Having the death you want, without implicating your family, requires careful planning and secrecy. "I do not know how she got the nembutol," Mr. Bennett told reporters about the fatal dose his wife imbibed.
Like Ms. Bennett, Ms. Goodman took care of the details. That's one of the reasons her younger son, Dean, believes his mother lived into her 90s even with a series of debilitating illnesses. "Once she had the drugs," he said, she "knew there was a way out for her at the time of her choosing." Nevertheless, her witnesses expected to be charged by the police. They weren't, probably because she had a how-to manual along with her suicide note beside her bed and she had talked repeatedly with family and friends about her wishes. The decision and the timing "should not be a surprise to anyone," Mr. Goodman advises.
"Say nothing. Do not make a statement to the police," was the warning Max's wife was given before her husband's suicide. Do not have an incriminating purchase on your credit card or your fingerprints on any equipment that may have been used in the death. Be prepared to be out of your house for hours or days, so have a small bag packed by the front door with all your contact information.

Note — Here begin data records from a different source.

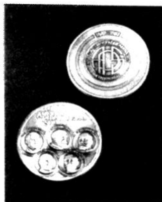
The Centennial Medallion

Centennial Medallion is a 2.5-inch bronze commemorative medallion that features the sculptured faces of the five founders on the front side and the Centennial Seal on the reverse side. The cost is $25.00 for each medallion.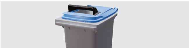
PAPER SLOT WITH COWL

Can be equipped with a range of accessories providing real solutions to every requirement.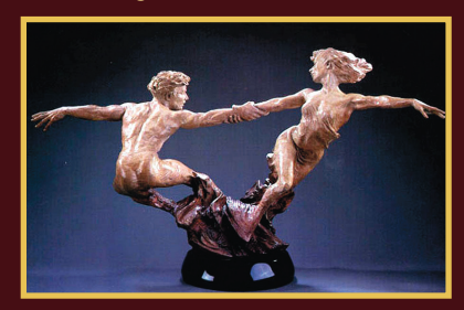
Martin Eichinger Whirlwind, Bronze, ED/100, 37" x 59"

As she talked about the hard lessons she was forced to learn, Max's widow, who said she was prepared to let her husband die "because I loved him," was still visibly shaken by the consequences. It had made her husband's death even more devastating.
That's where hard reality butts up against legal theory. Trying to get away with end runs against the existing law is not progress. We need a new law that protects victims and offers regulated and safe end-of-life choices.